It's a lame title, but the best I could think of to link the two pictures here. I wanted to include them, but neither belonged anywhere else, so they're together on this page.

Tax dollars at work example #1: the GPS, or Global Positioning System. My Garmin StreetPilot GPS receiver offers evidence of two things: first, that we really were in Kotzebue and second, that even in late August the sun doesn't set until almost 11:00pm, because the picture was taken at 10:06pm with plenty of daylight.
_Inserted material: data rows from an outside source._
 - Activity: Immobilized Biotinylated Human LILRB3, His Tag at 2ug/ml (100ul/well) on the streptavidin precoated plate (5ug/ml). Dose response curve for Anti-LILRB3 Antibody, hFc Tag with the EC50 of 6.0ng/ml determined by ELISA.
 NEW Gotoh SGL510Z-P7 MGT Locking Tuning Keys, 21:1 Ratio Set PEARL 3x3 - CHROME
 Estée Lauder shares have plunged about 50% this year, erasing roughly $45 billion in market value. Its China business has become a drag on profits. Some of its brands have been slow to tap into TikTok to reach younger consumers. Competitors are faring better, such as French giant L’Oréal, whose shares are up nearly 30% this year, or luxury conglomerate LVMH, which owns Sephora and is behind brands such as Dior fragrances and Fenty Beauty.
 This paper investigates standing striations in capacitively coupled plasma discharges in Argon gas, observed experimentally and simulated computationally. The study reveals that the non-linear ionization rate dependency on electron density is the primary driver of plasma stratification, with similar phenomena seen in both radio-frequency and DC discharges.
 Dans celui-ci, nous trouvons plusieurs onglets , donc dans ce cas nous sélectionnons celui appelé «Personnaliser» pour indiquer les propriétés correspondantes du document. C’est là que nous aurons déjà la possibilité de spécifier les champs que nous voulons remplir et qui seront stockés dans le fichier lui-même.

Another common misperception dispelled: Many people who ride in my car and take interest in the Garmin GPS receiver ask if I have to pay for the GPS service. NO - the GPS system is free to use, except for the cost of the receiver, of course. Some companies, such as OnStar, offer GPS-based emergency and navigational services, but you're paying for the human that unlocks your car's doors, gets you to the interstate when you're lost or dispatches a tow truck when your car breaks down. Your federal tax dollars fund the United States Department of Defense which develops and maintains the Global Positioning System. The GPS system was originally designed for military and government use, but one of the goals was to eventually make it available to the public. This goal was met in the spring of 2000 when GPS' Selective Availability was discontinued in North America, increasing the accuracy of commercial GPS receivers to 10 meters or less. As far as I know, GPS is also available to anyone anywhere in the world, although Selective Availability may reduce its accuracy outside North America, but a good receiver should still be accurate to 30 meters.
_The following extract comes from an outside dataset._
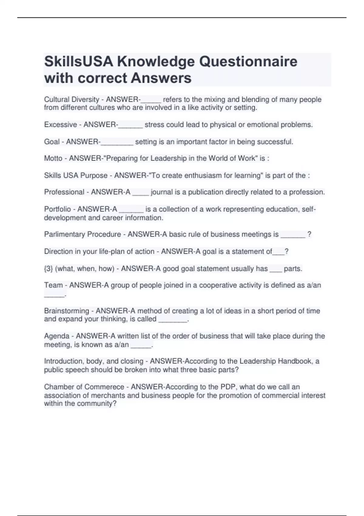 Cultural Diversity - ANSWER-_____ refers to the mixing and blending of many people from different cultures who are involved in a like activity or setting. Excessive - ANSWER-______ stress could lead to physical or emotional problems. Goal - ANSWER-________ setting is an important factor in being successful. Motto - ANSWER-"Preparing for Leadership in the World of Work" is : Skills USA Purpose - ANSWER-"To create enthusiasm for learning" is part of the : Professional - ANSWER-A ____ journal is a publication directly related to a profession. Portfolio - ANSWER-A ______ is a collection of a work representing education, selfdevelopment and career information. Parlimentary Procedure - ANSWER-A basic rule of business meetings is ______ ? Direction in your life-plan of action - ANSWER-A goal is a statement of___? {3} (what, when, how) - ANSWER-A good goal statement usually has ___ parts. Team - ANSWER-A group of people joined in a cooperative activity is defined as a/an _____. Brainstorming - ANSWER-A method of creating a lot of ideas in a short period of time and expand your thinking, is called _______. Agenda - ANSWER-A written list of the order of business that will take place during the meeting, is known as a/an _____. Introduction, body, and closing - ANSWER-According to the Leadership Handbook, a public speech should be broken into what three bas

Selective Availability makes the satellites intentionally send an inaccurate time signal to lower the system's accuracy. The DoD did this until the year 2000 for security reasons; example, a hostile entity using GPS as a weapons guidance system. In the U.S., Selective Availability reduced GPS accuracy roughly threefold, so a good commercial receiver was accurate to 30 meters instead of 10. I never understood how this trivial inaccuracy was supposed to foil the guidance system on a missile targeted at a large structure such as a factory with a 50 meter blast radius warhead, but there are many things I don't understand. If you have insight on how Selective Availability is or was supposed to maintain national security, kindly email me with an explanation. My thanks in advance.

Tax dollars at work example #2: the U.S. Postal Service: to whatever remote locales your travels may take you, always remember to find the post office and send a postcard; I fell obliged to say that since I'm partly responsible for the Postal Service's recent financial difficulties. My bills are paid over the Internet and all my correspondence is by email - I don't even mail Christmas cards!

I think "Kikiktagruk" is the native Inupiat name for Kotzebue, but I'm not sure. The native name, whatever it is, means "almost an island," which it really is two times over, because the Baldwin Peninsula connects to the mainland by a thin strip of land, and Kotzebue itself is on an even thinner strip of land connecting it to the Baldwin Peninsula. This second, thinner strip can be seen on the GPS display above. Kotzebue was named for the German explorer who first discovered the Inupiat dwelling - I'm sure the Inupiats were pleased when they heard they had a village here. The Europeans did great things for the natives and "savages" of the world, don't you think, assisting with their self-discovery and all?